Optogenetics, the process of controlling brain cells using light, could be used to understand and treat brain diseases, including epilepsy and depression. Previously, scientists relied on fMRI and a wire probe inserted into the brain to switch on cells.
The technique must be refined before it can be used in people or in remote parts of the brain.
Columbia’s Elizabeth Hillman describes the process: “Instead of activating just one brain cell at a time with a probe, researchers had a way to cause large groups of cells to fire without touching them. You can select that very specific genetic cell type, and you can tell that specific cell type to react when you shine light on it. First, though, scientists are going to have to overcome some big challenges. You’re actually altering the genes of the neurons.” That’s because most neurons don’t normally respond to light. Genetic material must be added to every brain cell to control it. Scientists can do that in mice with genetic engineering, but not in people. Professor Hillman continues: “Another challenge for optogenetics has to do with delivering light to cells deep in the brain. It’s really hard to get light to go deep,and we all know this just from trying to shine a flashlight through our hand.”
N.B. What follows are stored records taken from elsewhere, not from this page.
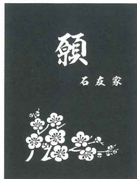
② B 梅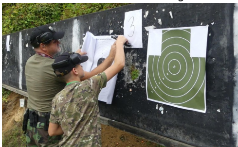
Beckov 30. augusta 2025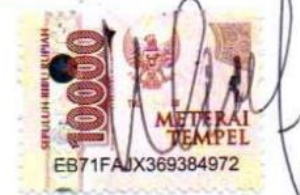
Sawitri Hyang Sumiwi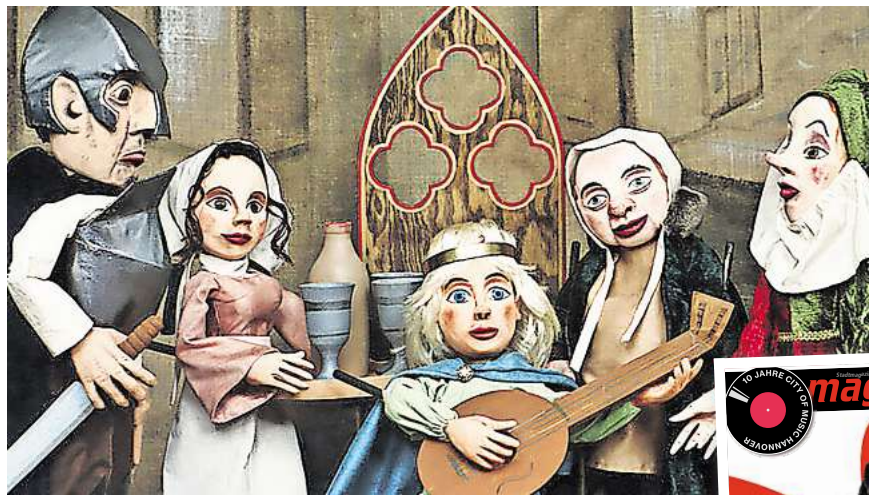
„Es lebe der König“ im Theatrio.

Das Trio Gruberich aus Oberbayern spielt am 16. März ab 10.30 Uhr im Schloss Landestrost, in Neustadt am Rübenberge das Kinder-Erzählkonzert „Die Kuh will mehr“. Dabei geht es um eine Kuh, die Gedichte schreibt und Sehnsucht nach dem Meer be-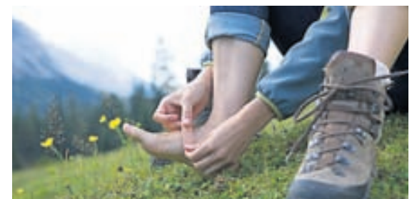
Góðir gönguskór margborga sig.

Flestir mæla með leðurgönguskóm en þeir laga sig vel að fætinum og endast vel. Gott er að hafa þá gúmmívarða á tá og jafnvel allan hringinn. Goretex-skór þykja líka góðir og margir mæla með Vibram-sóla, sem þekkest á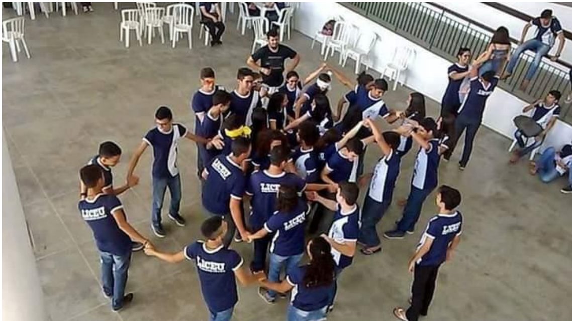
Oficina de Teatro PIBIB – Liceu do Conjunto Ceará em 2017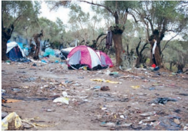
Filmstill fra én af fire film som vises fra marts i Verdens Mindste Kunstbiograf: Kunstnergruppen Other Story's film Ali , fra 2016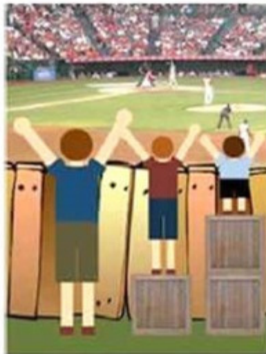
'Iedereen zo behandelen dat de mogelijkheden gelijk zijn'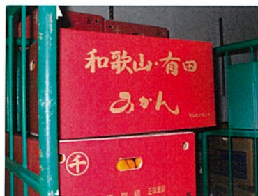
品物が入っているはこ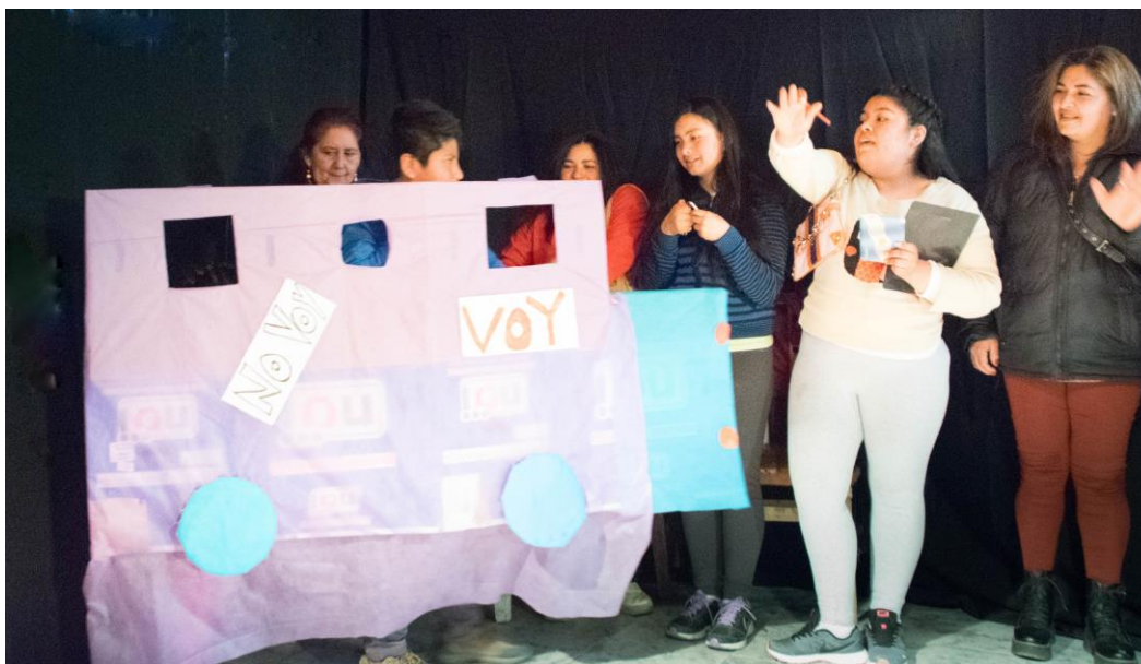
Imagen 13. Fotografía de Mercedes Mosso

Fuente: Río Gallegos, 13 de septiembre 2019. Muestra del taller de teatro comunitario del Barrio San Benito en el Comedor Red de Mujeres Solidarias. Archivo fotográfico del Equipo de Educación Popular de la UNPA UARG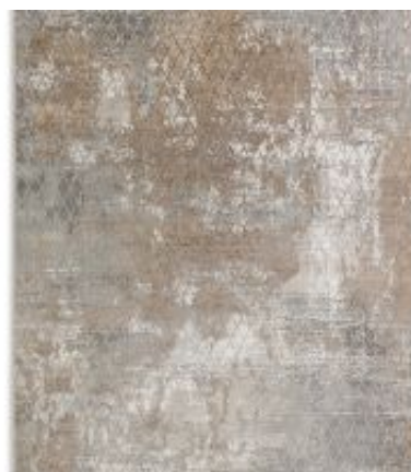
Vision - Raute Beige | 212 006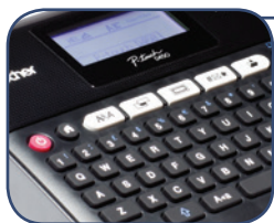
Gebruiksvriendelijk PC toetsenbord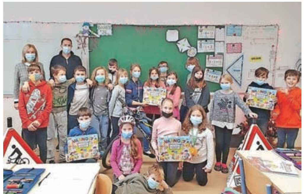
Uporabnih daril se so takole razveselili tudi na Osnovni šoli Toma Brejca.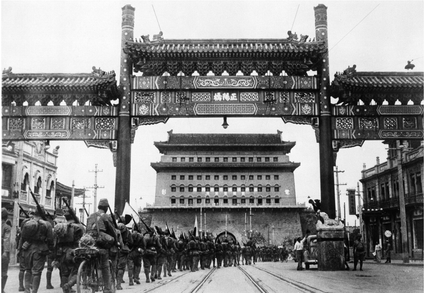
Japanische Truppen marschieren 1937 in Peking ein

In vier programmatischen Leitlinien beschloss die japanische Regierung, das Land fortan in die Lage zu versetzen, zur unangefochtenen hegemonialen Macht in Asien aufzusteigen – qua Stärkung der Schwer- und Rüstungsindustrie; durch die Integration der Mandschurei in die japanische Kriegswirtschaft; durch eine »harte Position« beziehungsweise die kompromisslose Durchsetzung japanischer Interessen auf dem asiatischen Kontinent und schließlich mit der Sicherung strategischer Rohmaterialien, um das Land autark zu machen. Die zur Selbstversorgung benötigten Ressourcen waren hauptsächlich im insularen und kontinentalen Südostasien – vorrangig Ostindien (Indonesien) und Malaya sowie in Indochina – zu finden.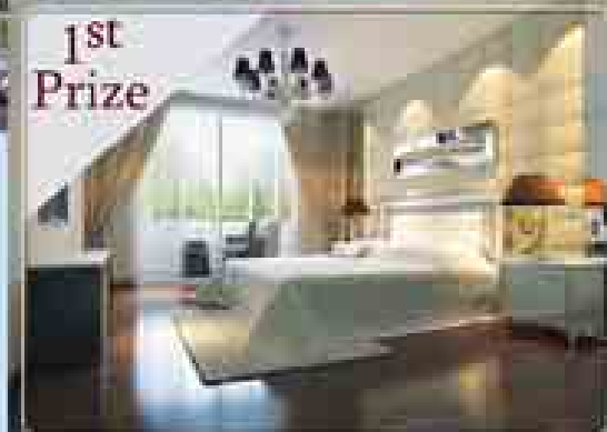
1st Prize (၂)ထပ်ပိုင်သုံးနှစ်သုံးပါ CONDOMINIUM တစ်သုံး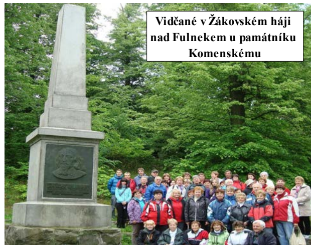
Vidčaně v Žákovském háji nad Fulnekem u památníku Komenskému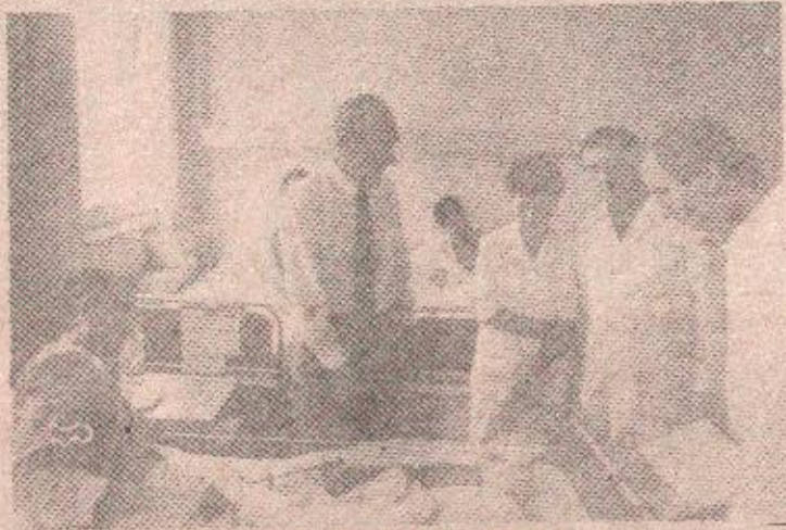
Принц Томислав у посјети рањеницима

ПРИНЦ ТОМИСЛАВ КАРАЂОРЂЕВИЋ ПОСЈЕТИО РАЊЕНИКЕ У ВОЈНОМЕДИЦИНСКОМ ЦЕНТРУ БАЊА ЛУКА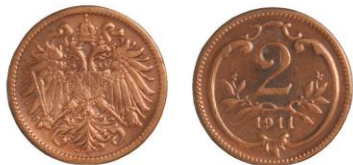
RAKOUSKO, František Josef I. (1848-1916), Vídeň, 2haléř 1911 - 1 ks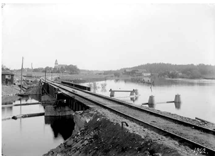
Fotograf: Didrik Von Essen, 1900 Järnvägsbron vid Sturefors med Vist kyrka i bakgrunden.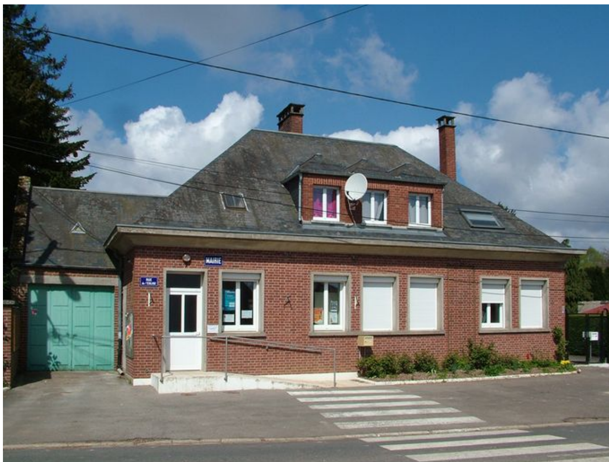
Ribeaucourt, mairie et ancien logement de l'instituteur, Jean Guidée architecte, 1955.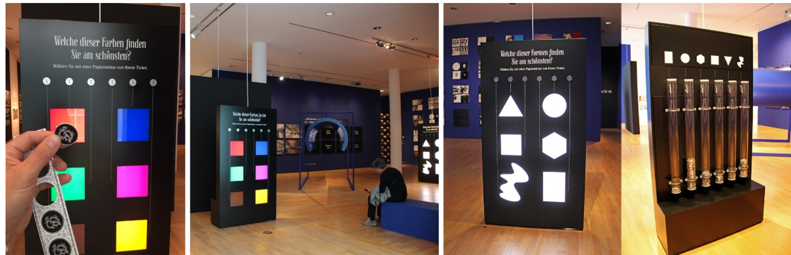
Görsel 9. Güzellik, yerleştirme 33 (solda) ve yerleştirme 34 (sağda) ayrıntıları, 2019, Museum Angewandt Kunst

Bu bölümde, ziyaretçinin hangi resmin Piet Mondrian'a ait bir kompozisyon hangisinin sahte olduğunu seçtiği Yerleştirme 31 dikkat çekmektedir (Görsel 10). Platformun arka tarafına jetonların çok olduğu tarafın gerçek resme ait olduğu görülmektedir. Diğer bir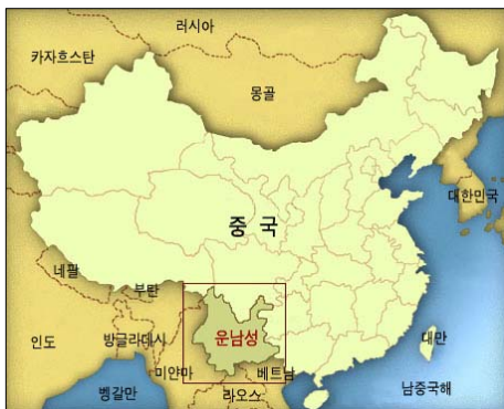
<그림 1> 운남성의 지리적 위치

중국에서 가장 많은 소수민족이 살고 있는 운남성에는 중국 내의 55개 소수민족 중 51개 소수민족이 거주하고 있으며, 그 중 인구 5천명 이상인 민족은 약 25개이다. 이 중 바이족(白族)과 다이족(傣族) 등 15개 민족은 운남성에만 있는 민족이다. 운남성 전체 인구 중 소수민족의 비율은 약 38%이며 이족(彝族), 바이족(白族), 하니족(哈尼族), 좡족(壯族), 티베트족(藏族), 다이족(傣族), 먀오족(苗族), 리수족(傈僳族), 후이족(回族), 라후족(拉祜族), 나시족(納西族) 와족(佧族), 아창족(阿昌族), 누족(怒族), 더앙족(德昂族), 지뉘족(基諾族), 수이족(水族), 두룽족(獨龍族) 등의 소수민족이 있다.

Optogenetics is already changing our understanding of epilepsy.
According to Berkeley professor Hillel Adesnik, “Scientists have known for a long time that epileptic seizures occur when brain cells start firing out of control. But they’ve been struggling to understand the role of brain cells called inhibitory neurons, which can reduce firing in other cells. Prior to optogenetics, there was no way to control these neurons and test hypotheses. Now scientists have shown that by altering that activity of inhibitory neurons in mice, it’s possible to start and stop epileptic seizures.”